Eppure, l'ipotesi di non vedere più Monza in calendario è concreta, ancor più concreta dopo la cancellazione della tappa tedesca (con la Mercedes al top in campionato, figurarsi). I cosiddetti "Tilkodromi", i circuiti di ultima generazione, spesso insieme a scenari esotici restituiscono contenuti sportivi mediocri. Prova ne sia il primo Gran Premio di Russia, corso nel Parco Olimpico di Sochi, al cospetto del presidente Putin: più importante l'evento simbolico, lo sbarco della F1 nel Paese, dello spettacolo in pista.

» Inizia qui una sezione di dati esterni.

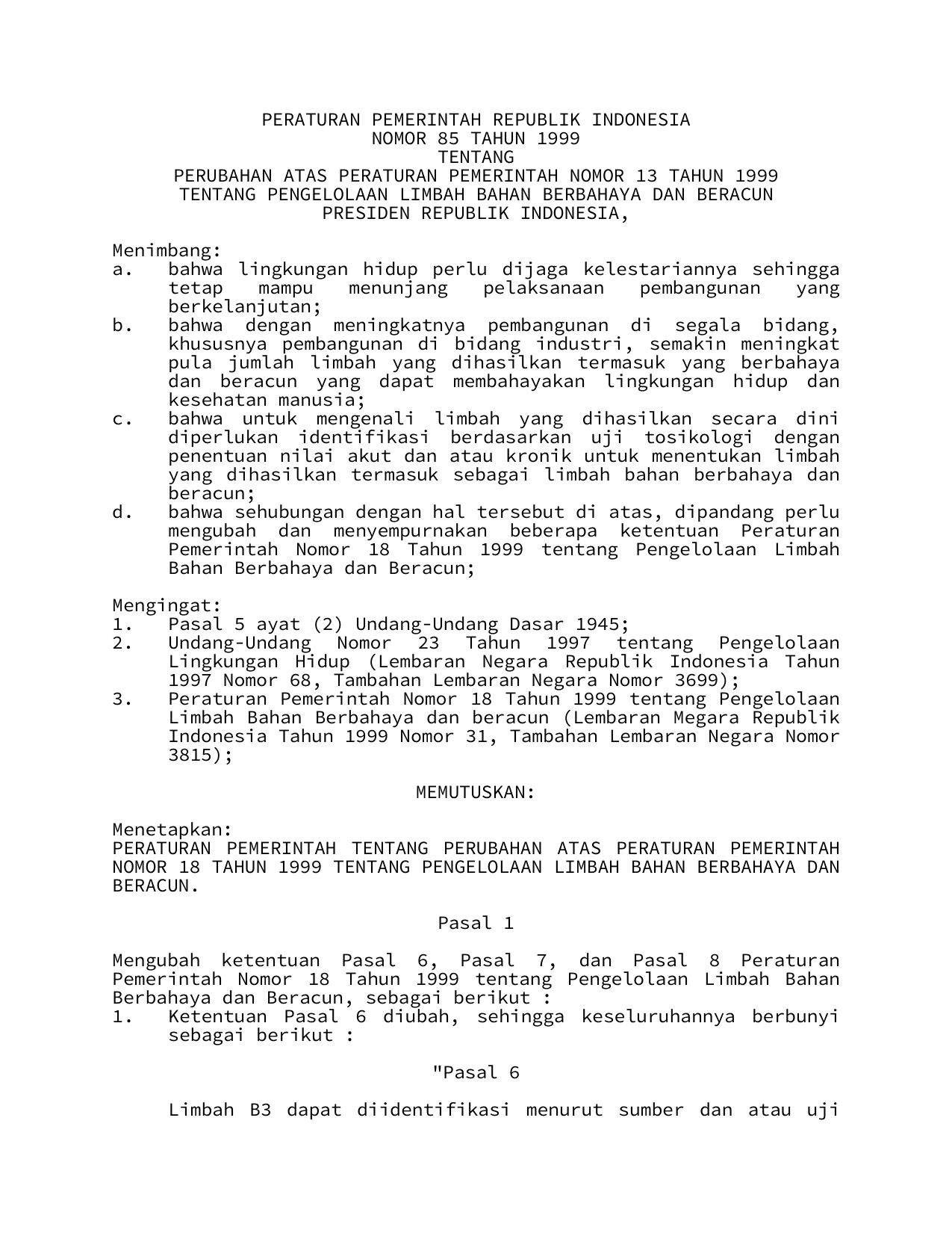 PP Nomor 85 Tahun 1999 | Peraturan Pemerintah Nomor 85 Tahun 1999 tentang PERUBAHAN PP 18-1999 TENTANG PENGELOLAAN LIMBAH BAHAN BERBAHAYA DAN BERACUN

Guardiamo ad altri circuiti: Singapore, Abu Dhabi, lo stesso Bahrain. Scenari interessanti, spettacolo ad anni alterni. Una costante sensazione: quella di correre non in nazioni nuove, ma in nuove galassie. Laggiù nell'iperspazio, dove il motorsport non era mai stato di casa, ma di casa lo è diventato, a suon di dollari.
Ci si chiede: è tutto qui? "Mister E" non la pensa così, ovviamente. "Abbiamo buoni rimpiazzi", ha risposto Bernie, a chi gli ha fatto notare che perdere Monza sarebbe davvero grave.

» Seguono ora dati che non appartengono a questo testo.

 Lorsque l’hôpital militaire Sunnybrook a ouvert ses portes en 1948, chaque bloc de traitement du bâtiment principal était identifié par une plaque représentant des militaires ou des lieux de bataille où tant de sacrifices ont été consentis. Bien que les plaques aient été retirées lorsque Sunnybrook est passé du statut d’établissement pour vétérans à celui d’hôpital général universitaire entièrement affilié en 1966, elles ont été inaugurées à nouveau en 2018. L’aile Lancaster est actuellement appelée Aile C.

Nella stagione in corso rientrerà, dopo 23 anni di assenza, il Gran Premio del Messico (appuntamento fissato per il primo giorno di Novembre, esclusiva di Sky Sport F1 HD). Nel 2016 sarà la volta di Baku, capitale dell'Azerbaigian, per ospitare il redivivo Gran Premio d'Europa: un tracciato cittadino, un altro ambiente esotico, finanziato dalle risorse petrolifere azere, ma dal fascino tutto da scoprire. Per ora, tutto qui.
Bisogna ammettere che Ecclestone non guarda in faccia a nessuno. Anche alcuni circuiti, voluti dallo stesso boss per rinfrescare il calendario e rimpinguare il business, sono stati accantonati. L'India, così grigia di smog, si è dissolta nei gas di scarico di un'organizzazione rivedibile. Ancora peggio ha fatto la Corea. Il circuito di Yeongam era stato pensato come cittadino (muretti vicini, tante curve), ma senza avere una città intorno.
Non fosse bastato questo colpo di genio in partenza, l'organizzazione si era inventa la "Fire Car", nel mezzo di una gara, al posto della regolare Safety Car. Il povero Sebastian Vettel, dominatore di quel Gran Premio (era il 2013), si trovò a competere, ad un certo punto, con un SUV a lampeggianti accesi.  Imbarazzante.

Ogni tanto si favoleggia di un ritorno a Valencia, o a Jerez, ogni tanto si inventa un circuito in qualche capitale dal nome altisonante. Ma la verità è che l'unica via per mantenere accesa nei tifosi la passione per il motorsport è trovare il giusto bilanciamento tra l'innovazione delle tappe in calendario e la tradizione che dimora nel DNA stesso delle corse. Cara Monza ti vogliamo dentro, e a lungo.